What you have to do
Output every record verbatim, and omit each picture.

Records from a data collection
- - -

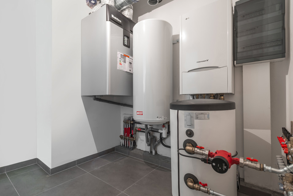Bij aanvang van de studie, in de ontwerpfase, ontdekten we al snel dat bij de installatie van warmtepompen een aantal andere kosten vermeden konden worden zoals reglementaire schouwen voor de individuele appartementen of voor het geheel van het gebouw, de inrichting van een stookplaats met verluchting, bijkomende meterkasten enz.
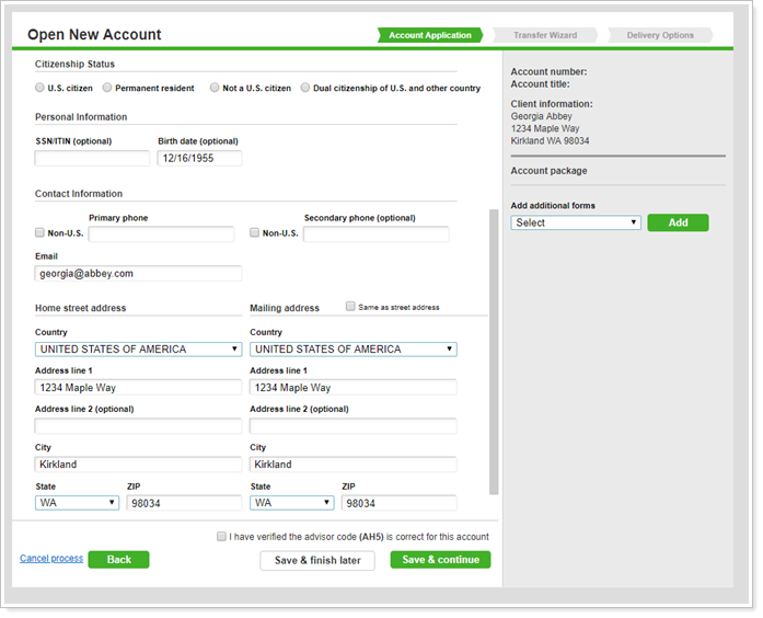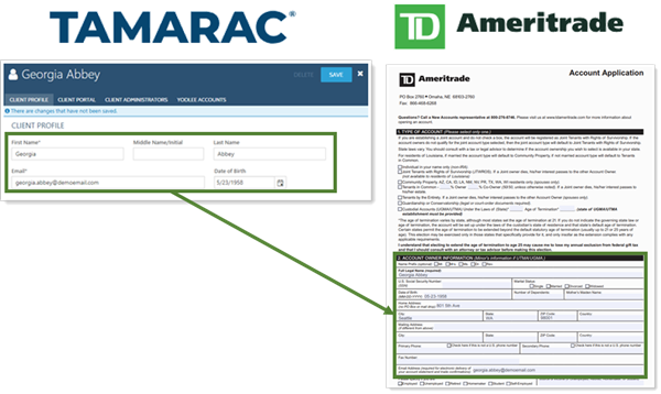 9. In the New Account Opening Wizard, the client's Tamarac data will be automatically filled in. Complete the form through your usual new account process.
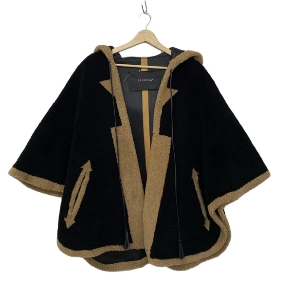 ブランカ BLANCHA ポンチョ サイズ38 M - 黒×ベージュ レディース ムートン/秋/冬 ジャケット
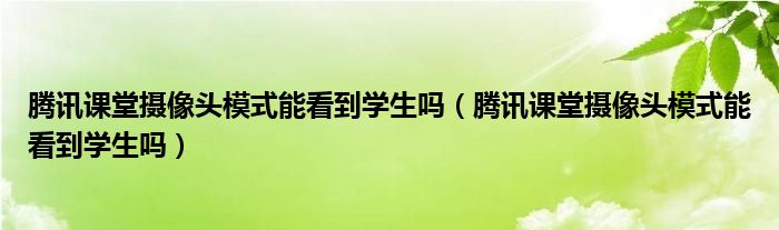 大家好,跳跳为你解答以上问题。腾讯课堂摄像头模式能看到学生吗,腾讯课堂摄像头模式能看到学生吗这个问题很多人还不知道,现在让我们一起来看看吧!
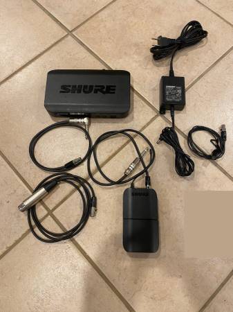 Fully functioning Shure BLX1 bodypack, BLX4 receiver, Lav mic, & extra xlr & 1/4" cords. I used this system to wireless transmit to a speaker. Band H10 Freq 542- 572 Mhz. Pick up in Middle...
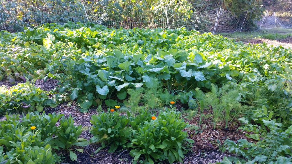 This garden began, as usual, with pigs. They did a great job rooting it up for me. I built it in sections, since I don’t plant all the vegetables for this season at once. I go for what is easy to grow when. First, right as September hits, I sow turnips, radishes, Asian greens and mustard greens. In October, when it’s starting to be more pleasant out, and less hot and damp, I start cabbage, broccoli, cauliflower, kale, kohlrabi, collard greens, and lettuce, and I seed beets, parsnips, salsify, rutabaga, and herbs like parsley, chervil, dill and cilantro. I’ll do a second planting of any of those things, or catch up if I’m behind in November and December. After December, I don’t plant any Asian greens or mustards until after the equinox. The warm/cool temperatures make them bolt very quickly.
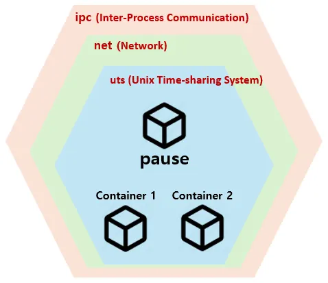 Pause 컨테이너의 UTS 네임스페이스를 Pod 내의 다른 컨테이너들과 공유함으로써 모든 컨테이너가 동일한 호스트 이름을 가지게 됩니다.
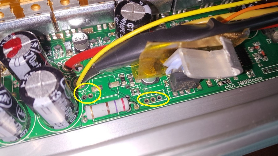 Вот здесь находятся аж два шунта, обычно один, залудив которые можно немного поднять мощность контроллера.
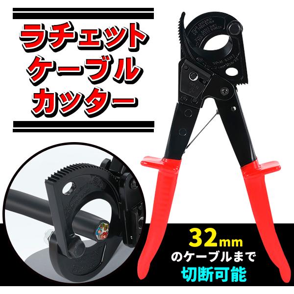 ラチェット ケーブルカッター 手動 切断 工具 ラチェット式 軽量 ラチェットケーブルカッター 単線 ヨリ線 アルミ線 複合線 銅線 32mm
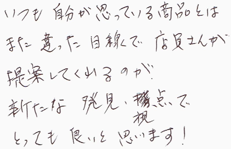 いつも自分が思っている商品とはまた違った目線で店員さんが提案してくれるのが、新たな発見、視点でとっても良いと思います!
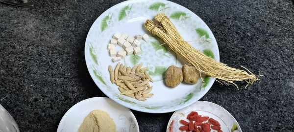 5、食材清洗好瞭,我們來弄一點剩料,三個人吃,兩小隻護肝草,麥冬,茯苓,兩顆蜜棗,花旗參粉。
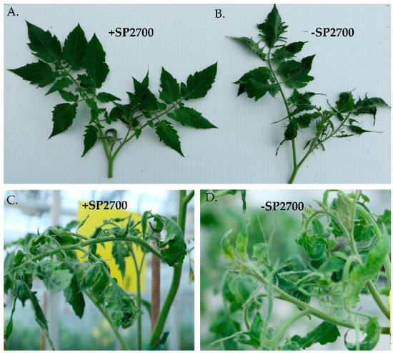 Symptom expression on tomato ‘Paipai’ plants that were pretreated with or without SP2700 upon inoculation with ToBRFV. (A) A tomato plant with pre-treatment with SP2700 showed normal appearance 3 weeks post inoculation (wpi) with ToBRFV. (B) A tomato plant without SP2700 pre-treatment displayed mottling and narrow leaves 3 wpi (right). (C) Symptom expression on ToBRFV-infected tomato plants that were pre-treated with SP2700 at 6 wpi. (D) +Symptom expression on ToBRFV-infected tomato plants without SP2700 pre-treatment at 6 wpi.
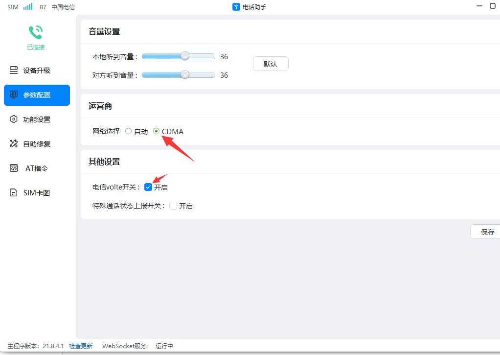 * 查看客户端的“**参数配置**”菜单,如果电信VOTLE开关**没有勾选**,说明现在手机卡语音服务通过电信2G-CDMA基站提供。

- - -

Reply to the exercise
Bij aanvang van de studie, in de ontwerpfase, ontdekten we al snel dat bij de installatie van warmtepompen een aantal andere kosten vermeden konden worden zoals reglementaire schouwen voor de individuele appartementen of voor het geheel van het gebouw, de inrichting van een stookplaats met verluchting, bijkomende meterkasten enz.
 9. In the New Account Opening Wizard, the client's Tamarac data will be automatically filled in. Complete the form through your usual new account process.
 ブランカ BLANCHA ポンチョ サイズ38 M - 黒×ベージュ レディース ムートン/秋/冬 ジャケット
 大家好,跳跳为你解答以上问题。腾讯课堂摄像头模式能看到学生吗,腾讯课堂摄像头模式能看到学生吗这个问题很多人还不知道,现在让我们一起来看看吧!
 Fully functioning Shure BLX1 bodypack, BLX4 receiver, Lav mic, & extra xlr & 1/4" cords. I used this system to wireless transmit to a speaker. Band H10 Freq 542- 572 Mhz. Pick up in Middle...
 This garden began, as usual, with pigs. They did a great job rooting it up for me. I built it in sections, since I don’t plant all the vegetables for this season at once. I go for what is easy to grow when. First, right as September hits, I sow turnips, radishes, Asian greens and mustard greens. In October, when it’s starting to be more pleasant out, and less hot and damp, I start cabbage, broccoli, cauliflower, kale, kohlrabi, collard greens, and lettuce, and I seed beets, parsnips, salsify, rutabaga, and herbs like parsley, chervil, dill and cilantro. I’ll do a second planting of any of those things, or catch up if I’m behind in November and December. After December, I don’t plant any Asian greens or mustards until after the equinox. The warm/cool temperatures make them bolt very quickly.
 Pause 컨테이너의 UTS 네임스페이스를 Pod 내의 다른 컨테이너들과 공유함으로써 모든 컨테이너가 동일한 호스트 이름을 가지게 됩니다.
 Вот здесь находятся аж два шунта, обычно один, залудив которые можно немного поднять мощность контроллера.
 ラチェット ケーブルカッター 手動 切断 工具 ラチェット式 軽量 ラチェットケーブルカッター 単線 ヨリ線 アルミ線 複合線 銅線 32mm
 いつも自分が思っている商品とはまた違った目線で店員さんが提案してくれるのが、新たな発見、視点でとっても良いと思います!
 5、食材清洗好瞭,我們來弄一點剩料,三個人吃,兩小隻護肝草,麥冬,茯苓,兩顆蜜棗,花旗參粉。
 Symptom expression on tomato ‘Paipai’ plants that were pretreated with or without SP2700 upon inoculation with ToBRFV. (A) A tomato plant with pre-treatment with SP2700 showed normal appearance 3 weeks post inoculation (wpi) with ToBRFV. (B) A tomato plant without SP2700 pre-treatment displayed mottling and narrow leaves 3 wpi (right). (C) Symptom expression on ToBRFV-infected tomato plants that were pre-treated with SP2700 at 6 wpi. (D) +Symptom expression on ToBRFV-infected tomato plants without SP2700 pre-treatment at 6 wpi.
 * 查看客户端的“**参数配置**”菜单,如果电信VOTLE开关**没有勾选**,说明现在手机卡语音服务通过电信2G-CDMA基站提供。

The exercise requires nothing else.